Virtual Stores Reveal Customers' Real Needs
A new way companies can figure out what makes consumers buy.
Nov. 27, 2007 -- There is a war going on in the stores. It's a battle for your eyes, your ears and, most importantly, your wallet.
"We're trying to grab their attention," said Mark Rhodes of Kimberly-Clark, the consumer products giant that produces Huggies diapers and Kleenex. "If you think about a shopping trip, a shopper is on a mission. And most of them have a shopping list in hand, and if we're going to interrupt that mission, it's gotta be big!"
Click on our media player to take a look at what your corner store might look like -- in virtual reality.

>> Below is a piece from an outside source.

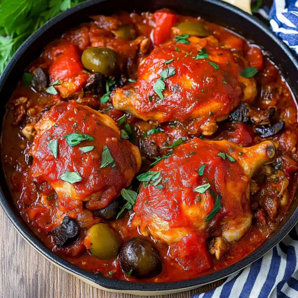 I found this delightful recipe during one of my culinary adventures, searching for a way to reinvent my usual dinner rotation. As the chicken bubbles softly in the sauce, the blend of flavors creates an irresistible symphony that has become a beloved staple in my home. Itโ€™s a dish that not only evokes the essence of family gatherings but also offers the flexibility to adapt to your pantryโ€™s treasures. So, grab your apron and letโ€™s dive into this hearty Chicken Cacciatore, bringing a taste of Italy right to your dining table!
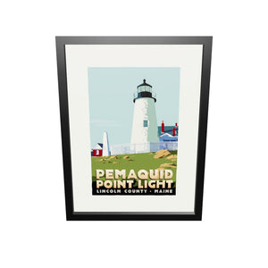 Pemaquid Point Light Art Print 18" x 24" Framed Travel Poster By Alan Claude - Maine

Deep in a basement in Appleton, Wis., one of the country's biggest companies is trying win this "real" fight -- by going virtual.
Kimberly-Clark built a three-walled, 3-D, giant virtual lab to discover exactly what makes consumers tick.
Company analysts can watch as you push a shopping cart down a virtual aisle and see what turns your head and catches your eye.
Rhodes is team leader of the Virtual Reality Project at Kimberly-Clark. He said, "The design of the shopping cart is such that it actually creates the feel that you're actually in the store and actually shopping."
With the diminishing effectiveness of traditional TV advertising, companies have to use every inch of floor space in stores to reach consumers.
"It's all about what drives your intent to purchase," Rhodes said. "Is it the point-of-purchase material, is it the signage at the shelf, a floor graphic, in-store TV?"
For their research purposes, this virtual lab is a lot faster and cheaper than the actual world. They can test colors, packages and layout -- without manufacturing a single diaper.
One of the interesting features of the project is a retinal scan which tracks the consumer's eye as he looks at a display. The scan deciphers what attracts a customer's focus -- bright colors, big packaging or the price bar.
This measurement is more reliable than customer surveys.
Project manager Sara Austin smiles, "Your eyes don't lie."